• **About this task**
State only the count of lines in the listing below that hold "Black".

(Supplied records begins)

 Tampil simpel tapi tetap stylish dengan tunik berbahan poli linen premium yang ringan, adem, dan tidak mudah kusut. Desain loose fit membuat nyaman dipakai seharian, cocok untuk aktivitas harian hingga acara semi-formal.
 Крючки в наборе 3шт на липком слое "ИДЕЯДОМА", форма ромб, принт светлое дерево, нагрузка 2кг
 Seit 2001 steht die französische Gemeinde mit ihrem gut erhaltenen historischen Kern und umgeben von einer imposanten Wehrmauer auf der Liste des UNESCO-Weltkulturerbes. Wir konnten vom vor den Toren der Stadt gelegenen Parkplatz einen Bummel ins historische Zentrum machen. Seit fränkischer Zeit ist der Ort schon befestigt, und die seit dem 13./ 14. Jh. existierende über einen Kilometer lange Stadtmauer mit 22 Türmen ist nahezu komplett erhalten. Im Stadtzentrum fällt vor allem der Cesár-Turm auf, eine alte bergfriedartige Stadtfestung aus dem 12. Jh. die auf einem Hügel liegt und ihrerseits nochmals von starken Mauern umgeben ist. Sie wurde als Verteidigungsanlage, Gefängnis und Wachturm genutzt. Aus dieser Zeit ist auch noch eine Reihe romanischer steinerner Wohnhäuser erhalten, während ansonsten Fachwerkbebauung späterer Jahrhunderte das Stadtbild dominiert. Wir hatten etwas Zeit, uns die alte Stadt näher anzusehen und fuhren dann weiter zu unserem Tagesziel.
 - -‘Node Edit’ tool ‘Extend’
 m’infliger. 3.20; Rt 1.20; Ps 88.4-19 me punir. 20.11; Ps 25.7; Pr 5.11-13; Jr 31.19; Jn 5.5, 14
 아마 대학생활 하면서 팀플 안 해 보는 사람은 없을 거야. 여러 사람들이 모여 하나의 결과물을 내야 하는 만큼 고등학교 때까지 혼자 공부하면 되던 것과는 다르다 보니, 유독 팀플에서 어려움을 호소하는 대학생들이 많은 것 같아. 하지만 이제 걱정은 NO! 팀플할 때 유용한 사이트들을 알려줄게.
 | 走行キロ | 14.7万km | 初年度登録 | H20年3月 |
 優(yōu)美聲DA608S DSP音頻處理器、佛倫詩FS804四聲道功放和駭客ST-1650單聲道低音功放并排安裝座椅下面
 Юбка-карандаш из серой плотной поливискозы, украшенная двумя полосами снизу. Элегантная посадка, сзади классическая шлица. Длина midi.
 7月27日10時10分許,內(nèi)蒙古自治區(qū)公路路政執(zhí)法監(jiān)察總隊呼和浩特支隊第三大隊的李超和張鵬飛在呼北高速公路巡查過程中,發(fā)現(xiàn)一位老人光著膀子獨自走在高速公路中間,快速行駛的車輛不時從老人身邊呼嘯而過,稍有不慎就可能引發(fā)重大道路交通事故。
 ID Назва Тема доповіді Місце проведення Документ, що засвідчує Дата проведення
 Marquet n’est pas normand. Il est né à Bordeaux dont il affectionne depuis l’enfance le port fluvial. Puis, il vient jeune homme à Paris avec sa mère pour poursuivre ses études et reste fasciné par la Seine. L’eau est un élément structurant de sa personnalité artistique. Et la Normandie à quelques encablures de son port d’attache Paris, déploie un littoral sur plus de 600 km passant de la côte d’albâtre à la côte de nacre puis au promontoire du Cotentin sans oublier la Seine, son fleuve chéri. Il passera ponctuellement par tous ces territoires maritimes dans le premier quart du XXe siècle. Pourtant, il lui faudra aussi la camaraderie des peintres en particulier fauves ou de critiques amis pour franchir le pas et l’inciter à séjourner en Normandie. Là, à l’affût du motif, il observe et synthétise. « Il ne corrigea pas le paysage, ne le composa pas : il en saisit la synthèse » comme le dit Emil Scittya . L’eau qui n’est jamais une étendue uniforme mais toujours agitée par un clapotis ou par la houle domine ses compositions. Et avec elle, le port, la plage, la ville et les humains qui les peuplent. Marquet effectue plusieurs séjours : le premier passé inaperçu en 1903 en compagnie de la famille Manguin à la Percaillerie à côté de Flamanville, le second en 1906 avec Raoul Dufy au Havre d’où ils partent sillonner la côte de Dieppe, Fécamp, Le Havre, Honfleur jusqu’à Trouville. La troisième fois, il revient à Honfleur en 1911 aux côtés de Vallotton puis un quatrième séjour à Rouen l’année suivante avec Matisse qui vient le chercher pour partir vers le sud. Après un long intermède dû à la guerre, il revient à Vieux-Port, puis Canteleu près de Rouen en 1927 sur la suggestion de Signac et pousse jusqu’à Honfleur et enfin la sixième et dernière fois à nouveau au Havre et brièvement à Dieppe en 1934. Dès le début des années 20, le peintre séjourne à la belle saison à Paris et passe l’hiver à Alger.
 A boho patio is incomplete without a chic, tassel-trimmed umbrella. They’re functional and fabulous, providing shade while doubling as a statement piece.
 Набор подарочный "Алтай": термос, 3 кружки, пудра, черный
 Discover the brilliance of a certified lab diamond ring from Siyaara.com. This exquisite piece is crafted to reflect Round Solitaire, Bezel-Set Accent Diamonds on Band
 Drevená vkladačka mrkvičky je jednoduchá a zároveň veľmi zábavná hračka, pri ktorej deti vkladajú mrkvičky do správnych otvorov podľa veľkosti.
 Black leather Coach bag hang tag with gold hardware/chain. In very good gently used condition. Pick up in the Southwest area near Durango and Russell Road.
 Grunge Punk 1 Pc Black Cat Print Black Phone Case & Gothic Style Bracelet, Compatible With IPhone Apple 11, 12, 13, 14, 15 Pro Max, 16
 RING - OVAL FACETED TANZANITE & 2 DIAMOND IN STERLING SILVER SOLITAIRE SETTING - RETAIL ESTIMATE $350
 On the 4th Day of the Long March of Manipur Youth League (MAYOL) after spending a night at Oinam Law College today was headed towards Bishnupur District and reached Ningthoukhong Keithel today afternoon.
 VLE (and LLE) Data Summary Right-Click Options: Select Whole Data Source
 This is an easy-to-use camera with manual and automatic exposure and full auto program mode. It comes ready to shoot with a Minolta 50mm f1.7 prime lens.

(Supplied records ends)

• **Written answer**
2